ABOUT THIS TASK ->
Scan the records below for the line with "Saszetka skórzana bilonówka" and the line with "2、然后传送到右边的小岛上,先使用大炮,对准对面的裂隙开启,击碎;", and retype that range exactly, both ends included, pictures excepted.

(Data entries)
* * * * * * * * *

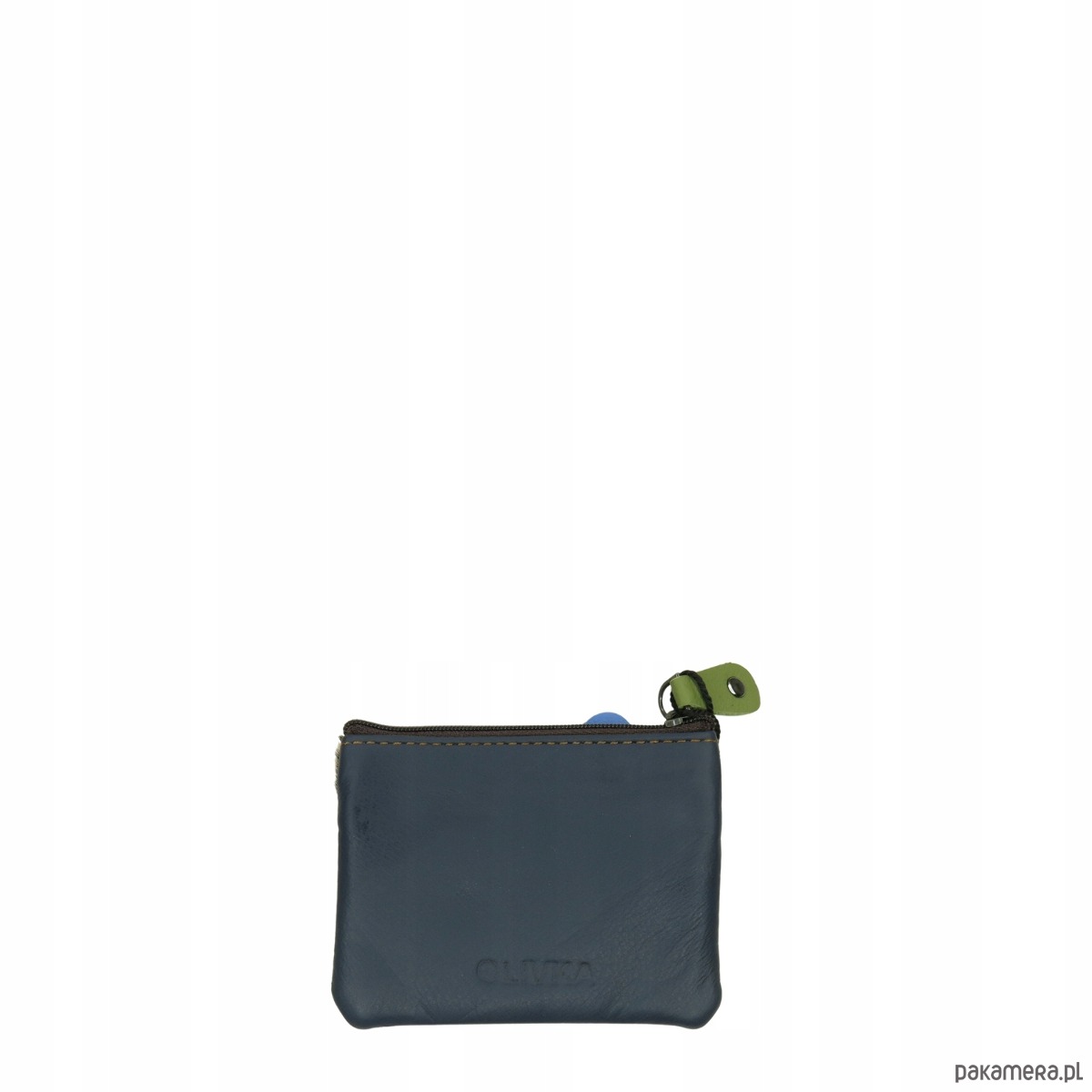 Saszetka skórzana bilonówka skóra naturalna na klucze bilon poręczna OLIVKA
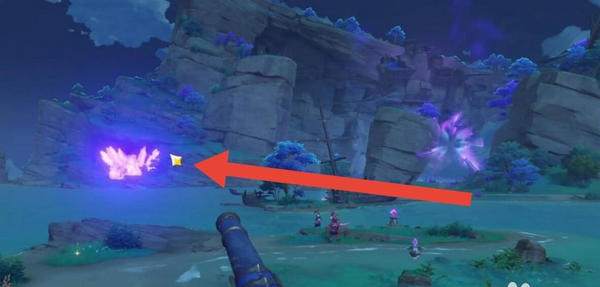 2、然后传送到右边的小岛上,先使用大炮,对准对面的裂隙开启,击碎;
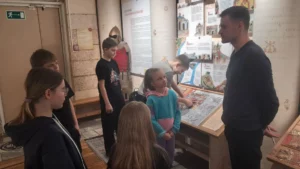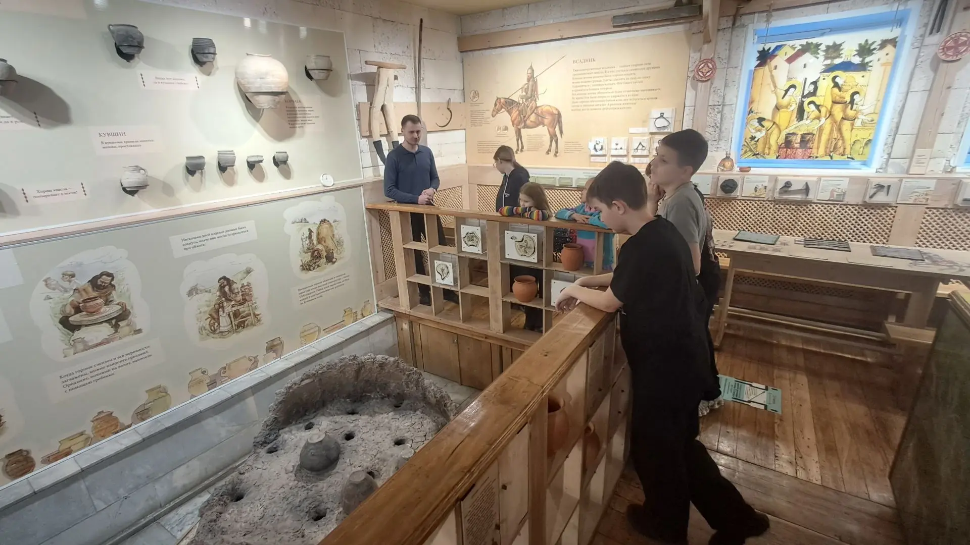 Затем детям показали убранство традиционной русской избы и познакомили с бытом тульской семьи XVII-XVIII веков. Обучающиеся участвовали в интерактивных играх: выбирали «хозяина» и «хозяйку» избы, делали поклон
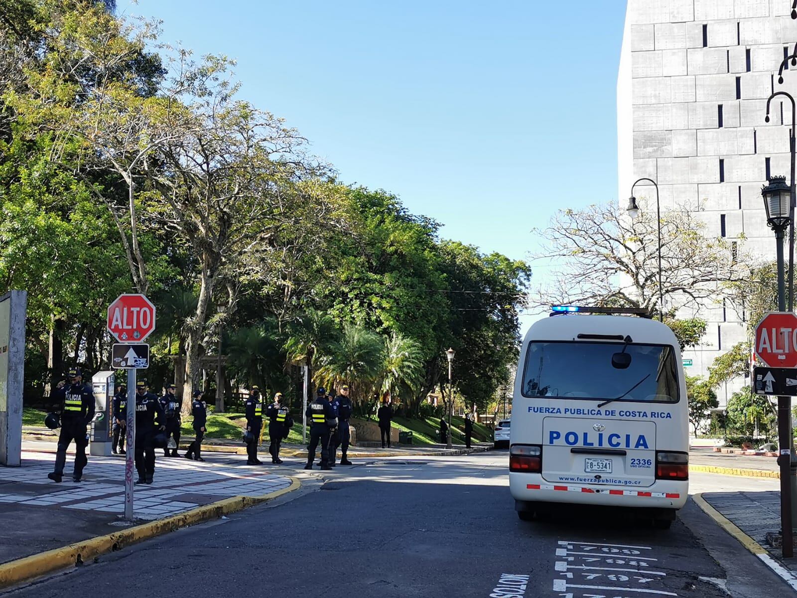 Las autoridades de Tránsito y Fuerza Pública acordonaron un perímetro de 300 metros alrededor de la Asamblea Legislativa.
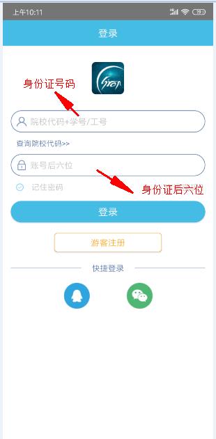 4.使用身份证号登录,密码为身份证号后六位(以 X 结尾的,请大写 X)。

* * * * * * * * *

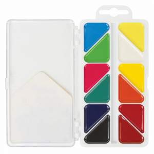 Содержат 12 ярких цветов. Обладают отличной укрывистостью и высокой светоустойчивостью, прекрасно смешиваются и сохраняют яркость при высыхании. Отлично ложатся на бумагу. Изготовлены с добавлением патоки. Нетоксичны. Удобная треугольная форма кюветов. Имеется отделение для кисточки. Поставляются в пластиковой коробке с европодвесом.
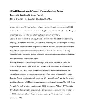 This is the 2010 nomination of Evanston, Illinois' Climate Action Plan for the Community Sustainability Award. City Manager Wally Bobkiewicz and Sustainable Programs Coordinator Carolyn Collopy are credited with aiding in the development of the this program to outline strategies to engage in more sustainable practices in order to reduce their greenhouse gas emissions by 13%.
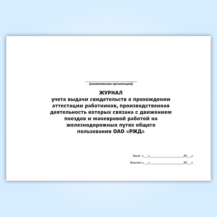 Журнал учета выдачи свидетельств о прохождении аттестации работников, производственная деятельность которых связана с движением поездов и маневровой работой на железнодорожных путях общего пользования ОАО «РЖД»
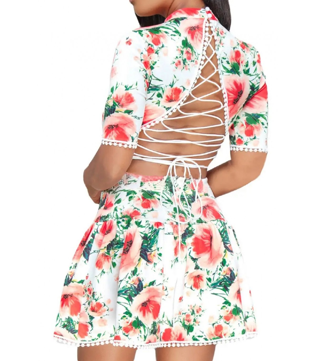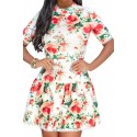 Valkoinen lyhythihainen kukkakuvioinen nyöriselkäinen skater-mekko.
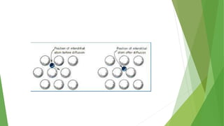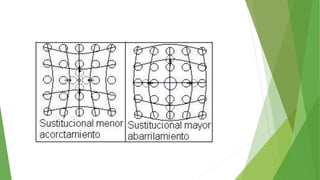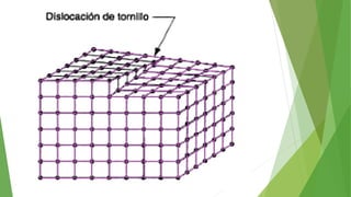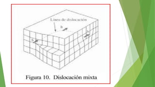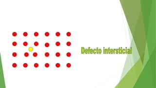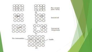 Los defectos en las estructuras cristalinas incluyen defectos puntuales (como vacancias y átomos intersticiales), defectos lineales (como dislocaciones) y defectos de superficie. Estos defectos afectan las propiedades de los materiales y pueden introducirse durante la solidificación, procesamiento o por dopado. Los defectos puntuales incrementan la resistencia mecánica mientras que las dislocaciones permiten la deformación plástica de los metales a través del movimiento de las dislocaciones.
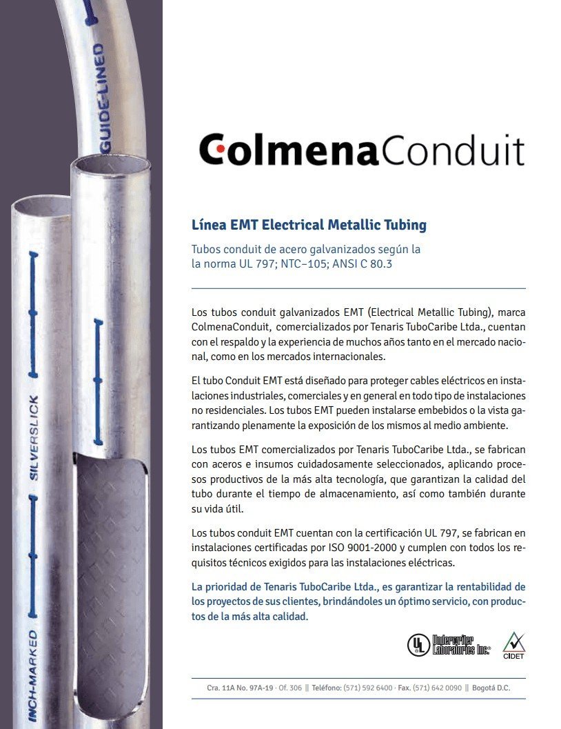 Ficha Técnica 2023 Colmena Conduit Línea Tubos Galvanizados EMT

* * * * * * * * *

SOLVED PROBLEM ->
 Saszetka skórzana bilonówka skóra naturalna na klucze bilon poręczna OLIVKA
 2、然后传送到右边的小岛上,先使用大炮,对准对面的裂隙开启,击碎;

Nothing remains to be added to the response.